◆ **DATA EXCERPT**:
-=-=-=-=-

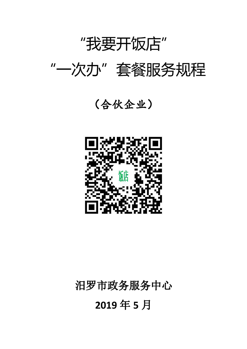 “我要开饭店”“一件事”套餐服务规程(合伙企业)
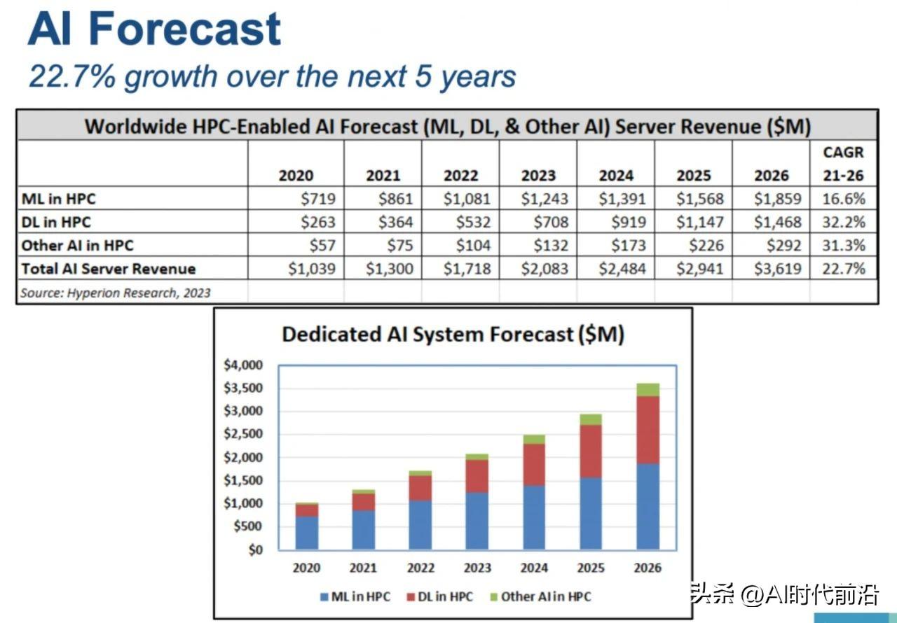 Hyperion Research在汉堡发布了其年度ISC HPC(高性能计算)市场现状更新,并分享了一项预测,即未来5年,全球支持HPC的人工智能服务器复合年增长率将为22.7%。
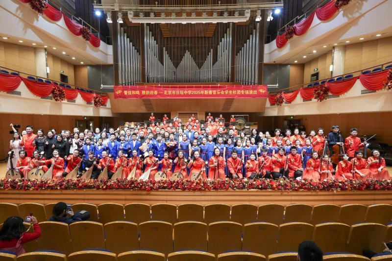 1月13日,北京市日坛中学在北京音乐厅举办“管弦和鸣、雅韵迎春”学生乐团新春音乐会,校领导、师生与家长们齐聚一堂,共享这场浸润着美育芬芳的视听盛宴。

-=-=-=-=-

◆ **TASK**: Copy each line of the listing exactly, skipping any picture.

◆ **REPLY TO THE TASK**:
 “我要开饭店”“一件事”套餐服务规程(合伙企业)
 Hyperion Research在汉堡发布了其年度ISC HPC(高性能计算)市场现状更新,并分享了一项预测,即未来5年,全球支持HPC的人工智能服务器复合年增长率将为22.7%。
 1月13日,北京市日坛中学在北京音乐厅举办“管弦和鸣、雅韵迎春”学生乐团新春音乐会,校领导、师生与家长们齐聚一堂,共享这场浸润着美育芬芳的视听盛宴。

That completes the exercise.